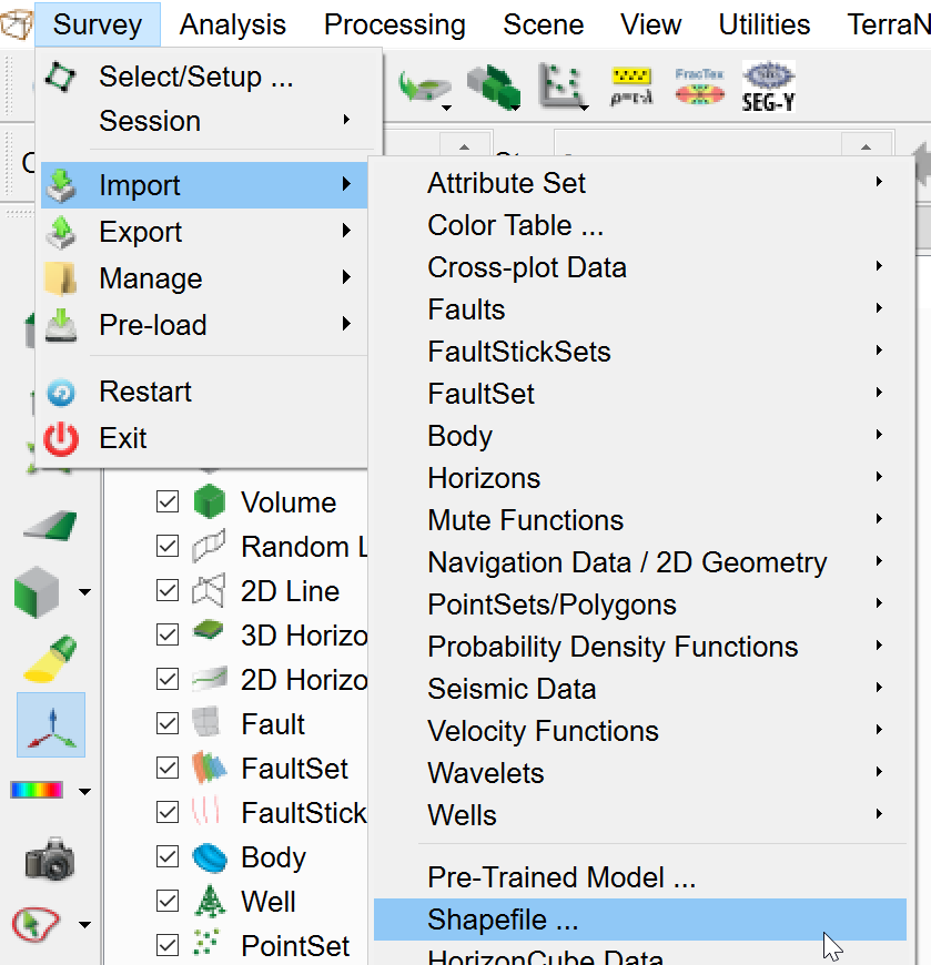 Select your .shp file, choose the specific settings, name your file (if different) and import.
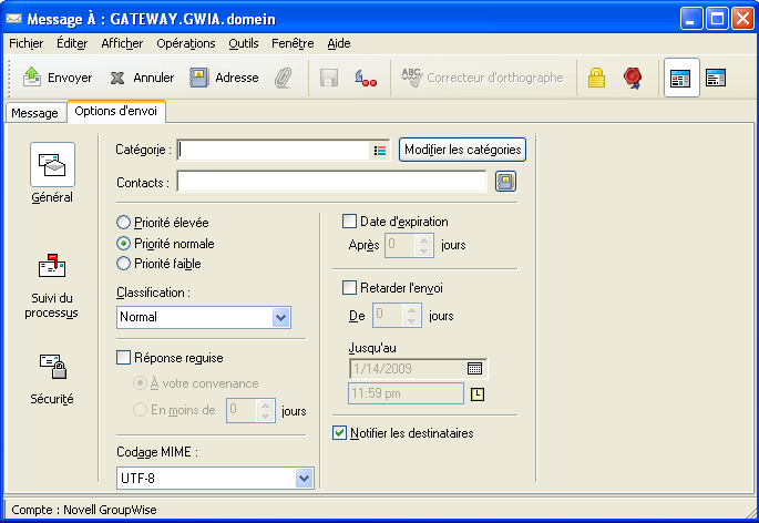 Si vous envoyez des messages vers des systèmes non-GroupWise, notez que ces derniers doivent disposer d'une fonctionnalité de suivi de processus afin de pouvoir renvoyer l'état de votre message sortant à votre système GroupWise.
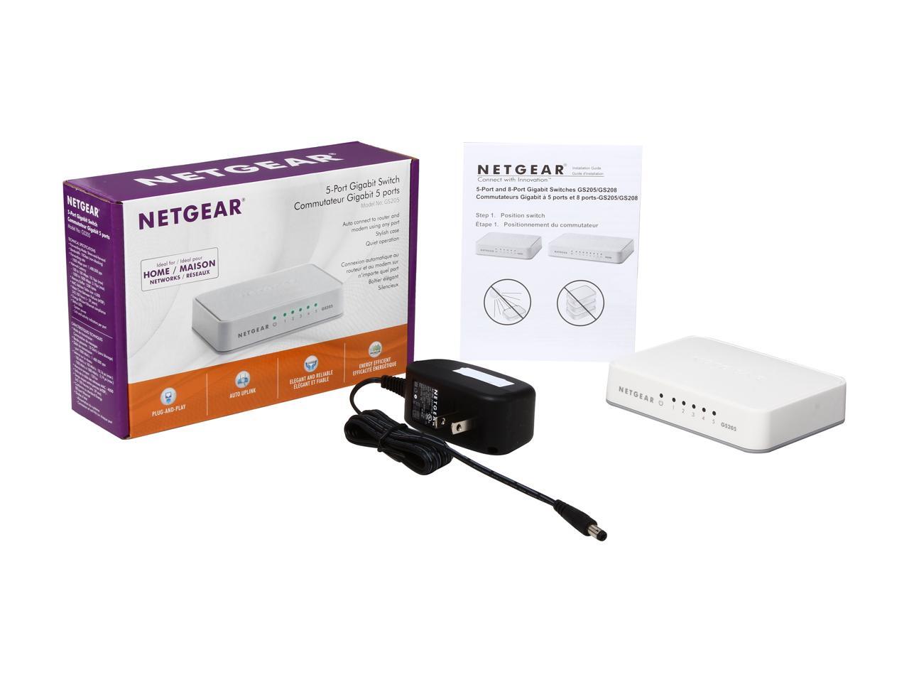 NETGEAR 5-Port Gigabit Ethernet Unmanaged Switch, Desktop, 10/100/1000Mbps (GS205)
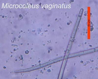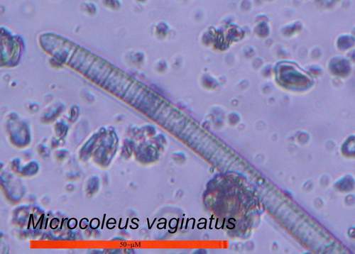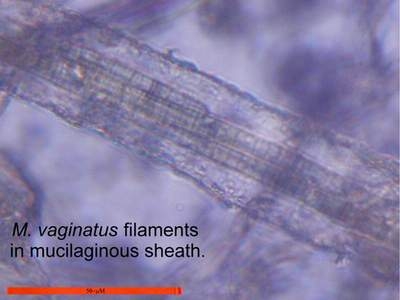 In dry soil, M. vaginatus remains dormant in a cryptobiotic [desiccated] state. When water is provided, the bacterial filaments come out of dormancy and, given sunlight, begin growing rapidly. I examined dry cryptobiotic sand and found no apparent cyanobacterial filaments. When water was added, filaments were evident within a matter of minutes.
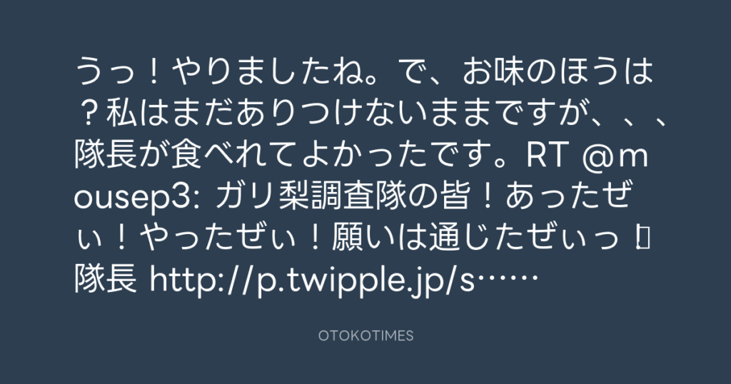 うっ!やりましたね。で、お味のほうは?私はまだありつけないままですが、、、隊... -
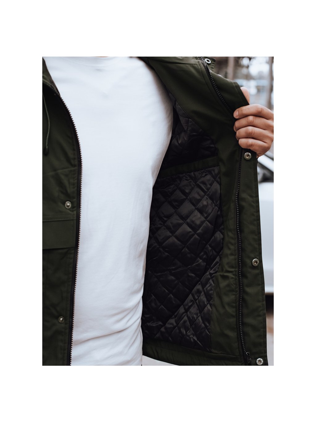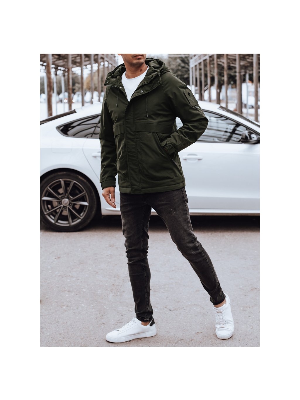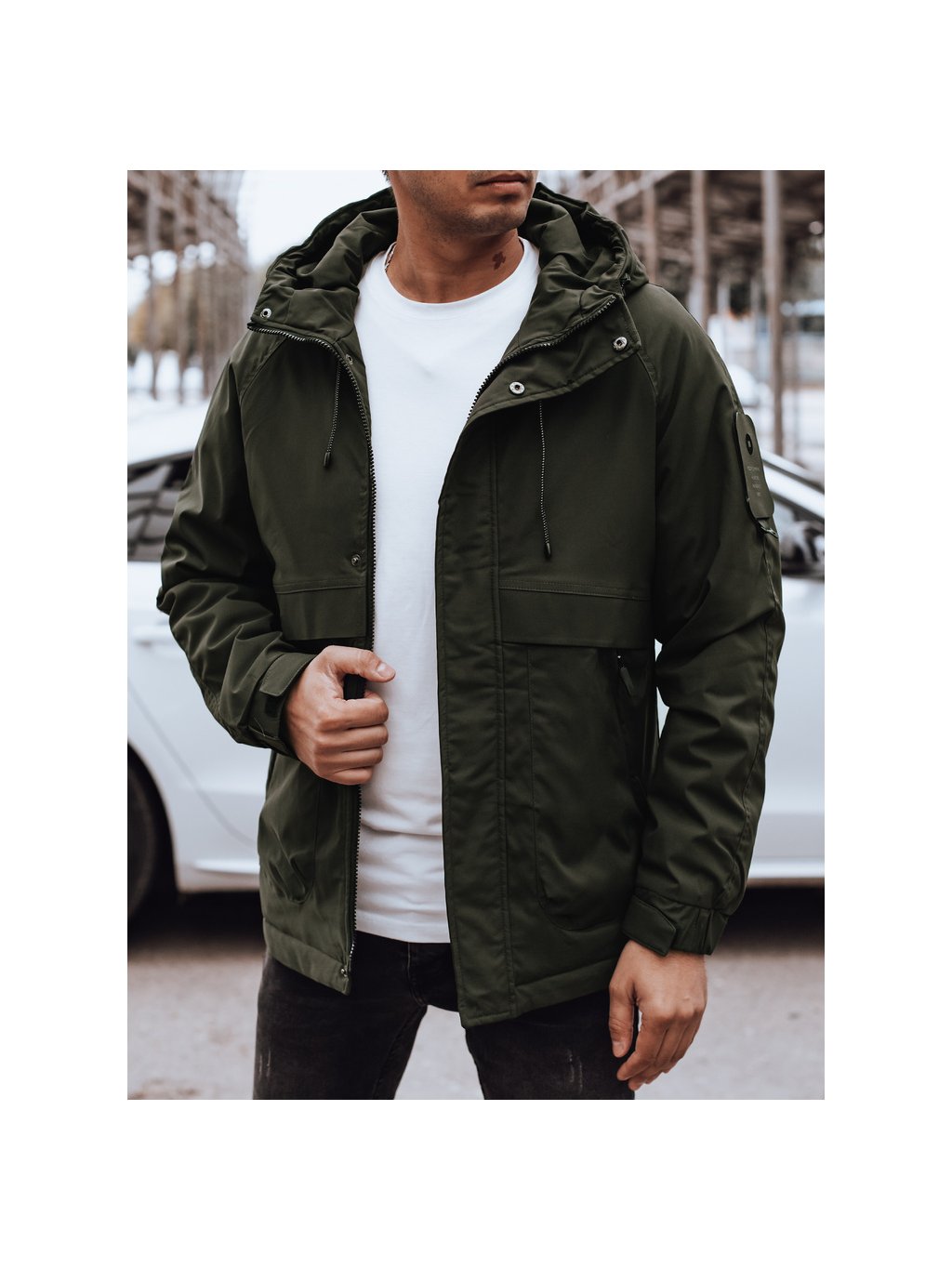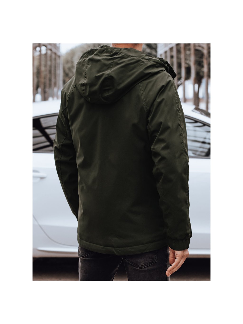 PÁNSKÁ TMAVĚ ZELENÁ PŘECHODOVÁ BUNDA S KAPUCÍ
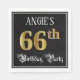 This fancy and ornate birthday paper napkin design features an editable name and the message “66th Birthday Party”. The large number “66th” has a faux/imitation gold-inspired coloring pattern, and the words “Birthday Party” are in elegant script-style text. The background is colored black by default (although it can be customized). Opulent, luxurious paper napkins like this might be useful to have at a birthday celebration being held to celebrate somebody’s 66th birthday. [~Z0000565]
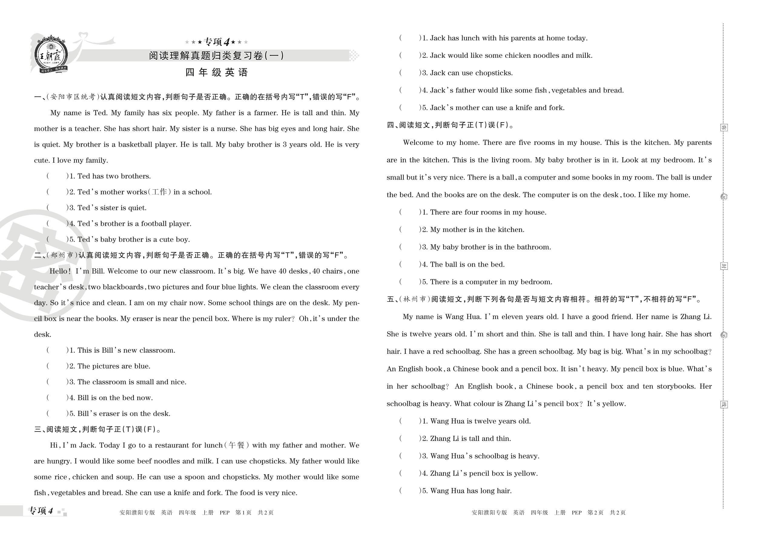 王朝霞期末专项卷——阅读理解真题归类复习卷(一)四年级上册英语(人教PEP版)【4】
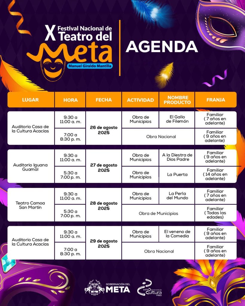 Bajo el lema ‘¡Crea, imagina y actúa!’, esta décima edición reunirá el talento de obras nacionales y municipales, ofreciendo una programación diversa para públicos de todas las edades. Los escenarios serán el auditorio de la Casa de la Cultura de Acacías, el auditorio Iguana, de Guamal y el Teatro Camoa de San Martín, donde los asistentes podrán disfrutar de montajes familiares y propuestas teatrales que reflejan la riqueza cultural del país.
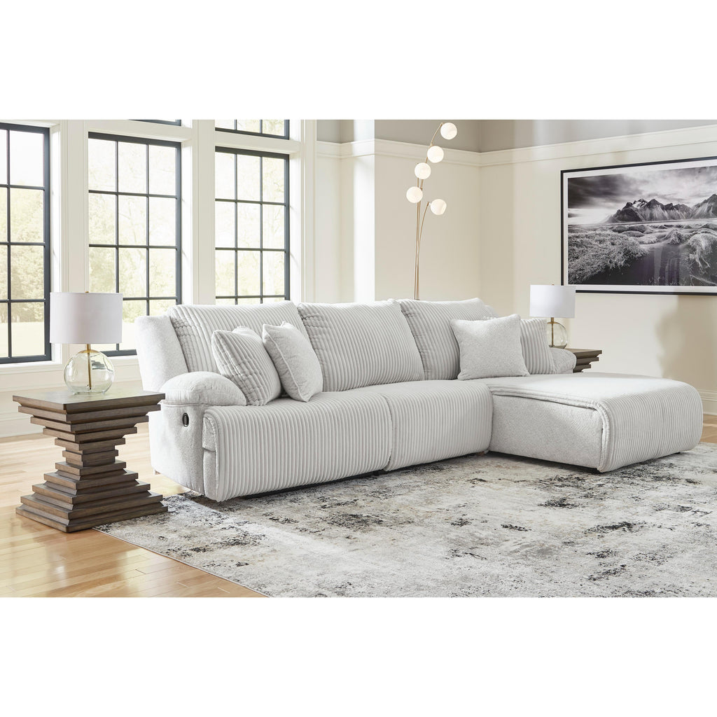 • Includes 3 pieces: left-arm facing recliner, armless chair and right-arm facing press back chaise
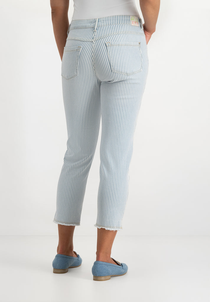 De Sarah slim 7/8-jeans geeft de klassieke jeans een moderne draai. Met een middelhoge taille en een slanke pijp tot boven de enkel flatteert dit model uw figuur terwijl het comfort behouden blijft. De verkorte lengte is perfect voor warmer weer en om uw favoriete schoenen te laten uitkomen, waardoor deze jeans een geliefde keuze is voor een chique, dagelijkse stijl. Bovendien is dit model afgewerkt met WISER WASH-technologie voor een milieuvriendelijk productieproces van de lichte wassing.
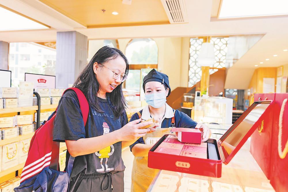国庆中秋假期,龙岩月饼消费市场持续升温。今年的月饼礼盒不仅在包装上更加简约环保,价格也更为亲民。图为消费者在选购月饼。
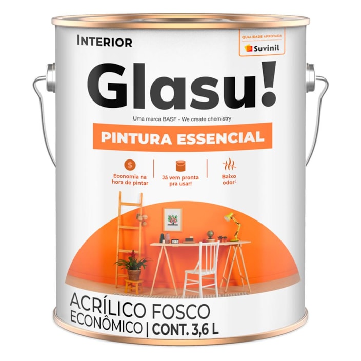 Tinta Acrílica Glasu Pintura Essencial Branco Neve Fosco 36L
——————
Above are the records; restate exactly the lines from the one containing "De Sarah slim" through the one containing "国庆中秋假期,龙岩月饼消费市", keeping pictures out.

◆ Final answer
 De Sarah slim 7/8-jeans geeft de klassieke jeans een moderne draai. Met een middelhoge taille en een slanke pijp tot boven de enkel flatteert dit model uw figuur terwijl het comfort behouden blijft. De verkorte lengte is perfect voor warmer weer en om uw favoriete schoenen te laten uitkomen, waardoor deze jeans een geliefde keuze is voor een chique, dagelijkse stijl. Bovendien is dit model afgewerkt met WISER WASH-technologie voor een milieuvriendelijk productieproces van de lichte wassing.
国庆中秋假期,龙岩月饼消费市场持续升温。今年的月饼礼盒不仅在包装上更加简约环保,价格也更为亲民。图为消费者在选购月饼。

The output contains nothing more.